“Is this ridiculous drawing business the only thing that’s gone wrong? Was there really nothing else?” Rose demanded.

“Nothing.”

They looked at one another in a common dismay.

“I should like to hear the whole story,” said Lady Aviolet, determination evident in her deliberate selection of a chair for herself.

Miss Wade repeated the trivial episode, and its totally disproportionate climax.

“He was just angry because you laughed at him?”

“I suppose so. Not that I should think so much of that, Lady Aviolet, in a child that isn’t used to other children and has never learnt to give and take, or to tease and be teased—but the temper! The rage!! The expressions he used!!! And worst of all, the readiness to say what isn’t true. It’s the old, old failing, you know. Declaring that he’d done it badly on purpose, you know—his mother heard him.”

“He didn’t know what he was saying,” Rose repeated roughly.

“That makes it so much the worse, my dear,” her mother-in-law unexpectedly remarked. “It’s almost as though the poor child lied by instinct, not caring what nonsense he may be talking.”

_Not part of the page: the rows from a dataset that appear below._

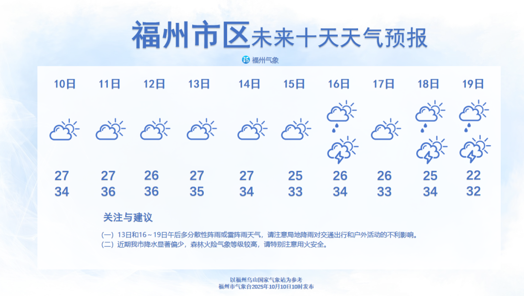 天气:未来十天福州仍以多云天气为主,其中13日和16~19日,午后部分乡镇有阵雨或雷阵雨。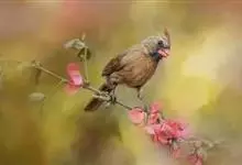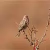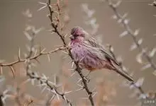 红眉朱雀:体长15厘米,是一种中等体型的朱雀。上体褐色斑驳,眉纹、脸颊、胸及腰淡紫粉,臀近白。雌鸟无粉色,但具明显的皮黄色眉纹。雄雌两性均甚似体型较小的曙红朱雀,但嘴较粗厚且尾的比例较长。…全部>>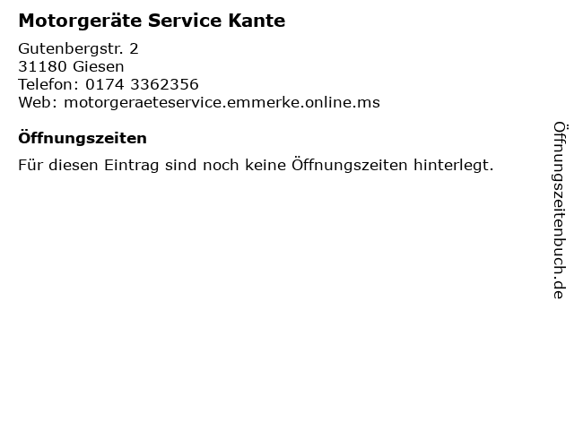 | Öffnungszeiten Motorgeräte Service Kante in Giesen anzeigen | |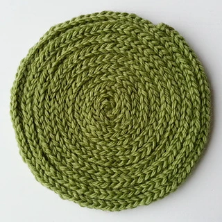 Round coasters measuring 11cm in diameter. They are made by knitting a long i-cord then rolling it into a spiral. The pattern can be easily altered to make smaller or larger mats or placemats.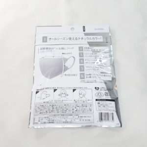 かなり古くからあるマスクっぽくない3D形状のマスクです。かなり安価な方でまとめて用意しておくにはよいですが、個別包装ではありません。使いづらくもないのですが、若干古いデザイなのもあり防災グッズに入れる事にしました。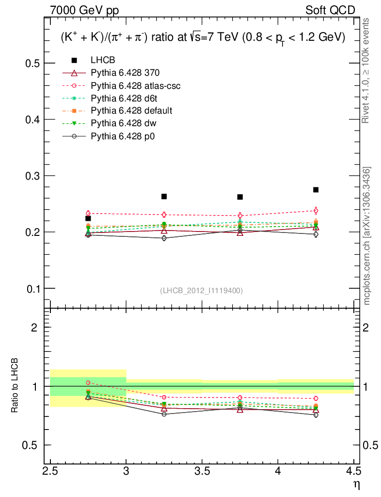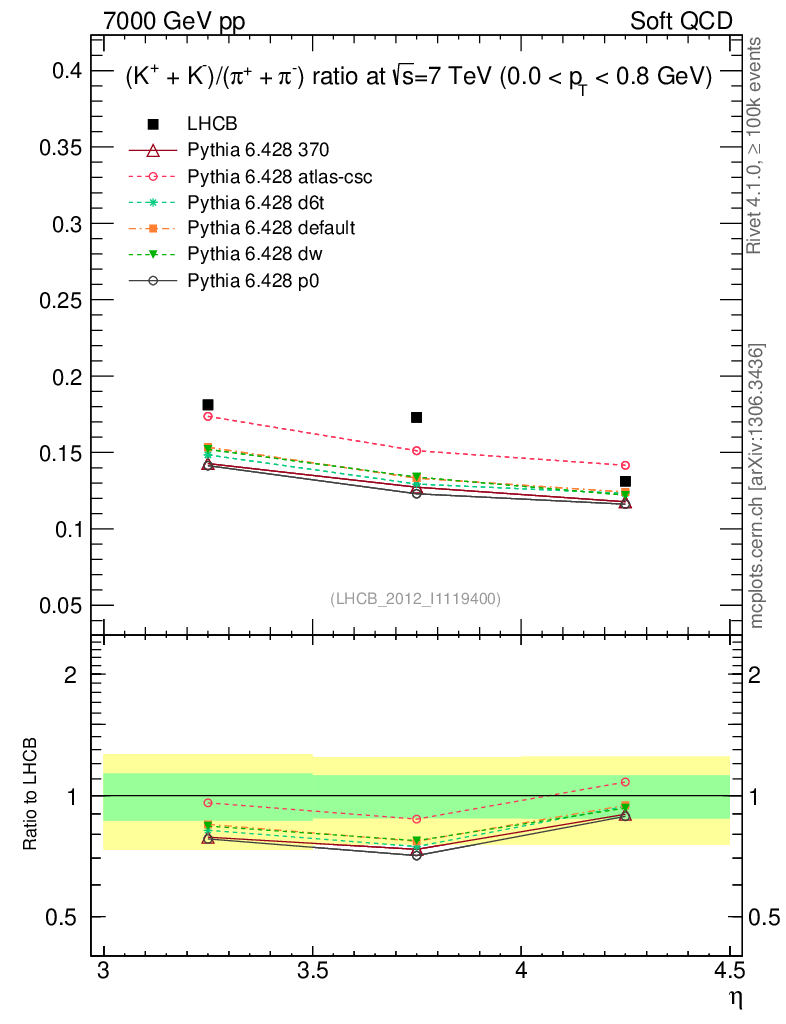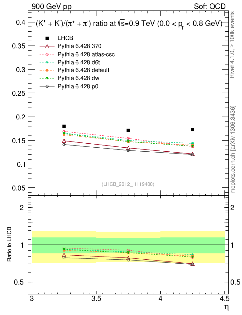 Soft QCD (inelastic) : Identified Particles : Ratios : (K-+K+)/(π-+π+) vs |y|

“I thought him nearly cured, too,” said Miss Wade mournfully. “I’m afraid—I really am afraid, Lady Aviolet—that I’ve failed with Cecil. It’s the first time I’ve ever had to say such a thing of a pupil, but I do certainly feel that, except as regards mere book-learning, he’s made little or no progress since I’ve had him. The truth is, there have been too many interruptions—a divided authority—” she glanced resentfully at Cecil’s mother.